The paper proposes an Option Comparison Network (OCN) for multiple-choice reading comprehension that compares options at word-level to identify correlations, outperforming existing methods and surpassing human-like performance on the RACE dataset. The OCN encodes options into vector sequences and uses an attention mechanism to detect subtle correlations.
· · · ·
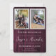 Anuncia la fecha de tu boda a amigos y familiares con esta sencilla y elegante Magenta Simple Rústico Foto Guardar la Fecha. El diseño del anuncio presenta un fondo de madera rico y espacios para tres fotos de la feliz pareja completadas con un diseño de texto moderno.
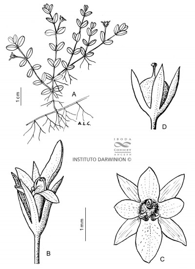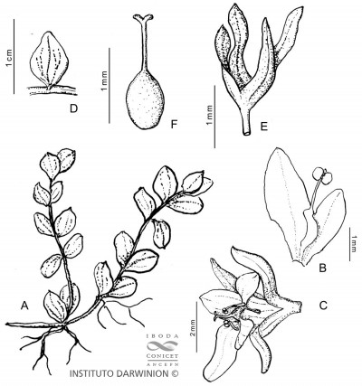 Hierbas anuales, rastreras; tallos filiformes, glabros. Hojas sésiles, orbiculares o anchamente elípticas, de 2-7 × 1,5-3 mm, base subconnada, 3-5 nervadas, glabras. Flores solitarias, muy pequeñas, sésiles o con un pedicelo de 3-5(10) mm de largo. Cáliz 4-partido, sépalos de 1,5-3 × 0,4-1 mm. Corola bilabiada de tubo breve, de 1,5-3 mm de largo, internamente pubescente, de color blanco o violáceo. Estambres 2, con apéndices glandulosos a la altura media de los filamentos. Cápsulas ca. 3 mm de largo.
· · · ·
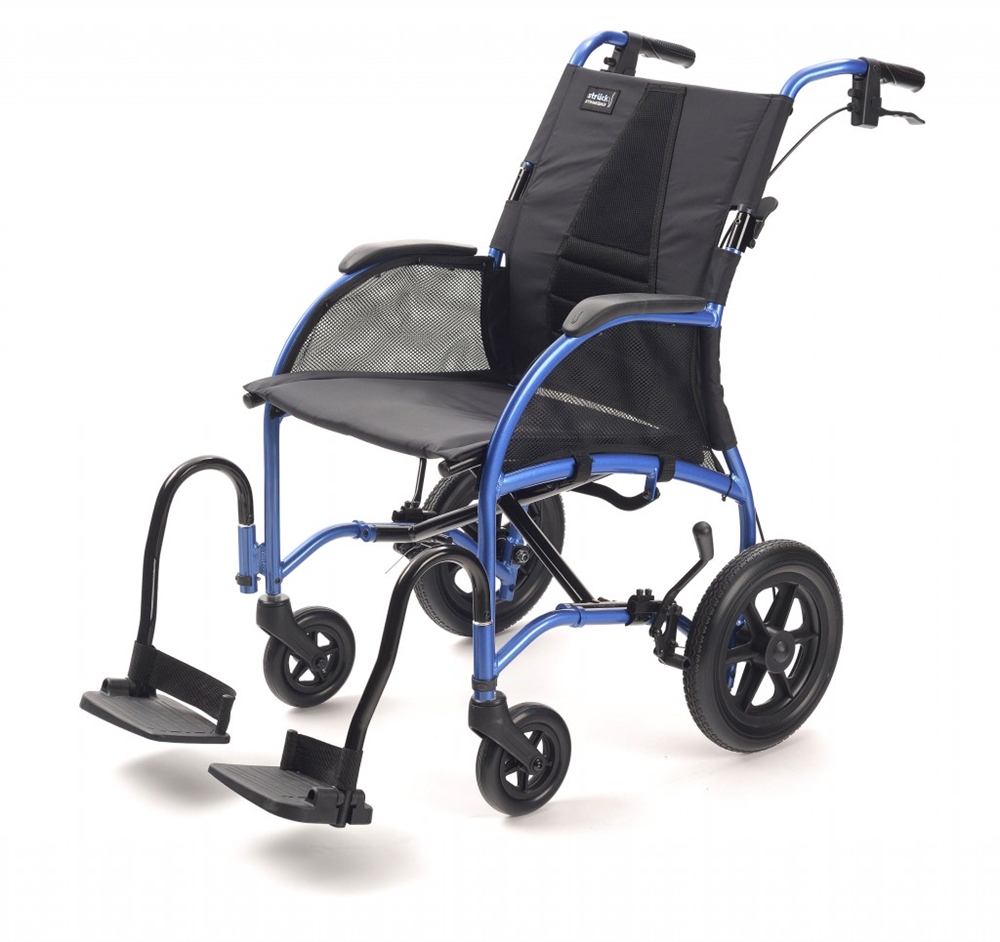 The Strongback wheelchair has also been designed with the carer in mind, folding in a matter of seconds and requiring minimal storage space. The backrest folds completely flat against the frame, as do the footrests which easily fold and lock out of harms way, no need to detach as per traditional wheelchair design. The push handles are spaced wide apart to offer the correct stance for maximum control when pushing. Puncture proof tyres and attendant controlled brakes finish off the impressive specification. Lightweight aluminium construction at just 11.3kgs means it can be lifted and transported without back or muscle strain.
· · · ·
Drop the pictures; return the lines above from the line containing "Anuncia la fecha" to the line containing "Hierbas anuales, rastreras;", both included, exactly.

 Anuncia la fecha de tu boda a amigos y familiares con esta sencilla y elegante Magenta Simple Rústico Foto Guardar la Fecha. El diseño del anuncio presenta un fondo de madera rico y espacios para tres fotos de la feliz pareja completadas con un diseño de texto moderno.
 Hierbas anuales, rastreras; tallos filiformes, glabros. Hojas sésiles, orbiculares o anchamente elípticas, de 2-7 × 1,5-3 mm, base subconnada, 3-5 nervadas, glabras. Flores solitarias, muy pequeñas, sésiles o con un pedicelo de 3-5(10) mm de largo. Cáliz 4-partido, sépalos de 1,5-3 × 0,4-1 mm. Corola bilabiada de tubo breve, de 1,5-3 mm de largo, internamente pubescente, de color blanco o violáceo. Estambres 2, con apéndices glandulosos a la altura media de los filamentos. Cápsulas ca. 3 mm de largo.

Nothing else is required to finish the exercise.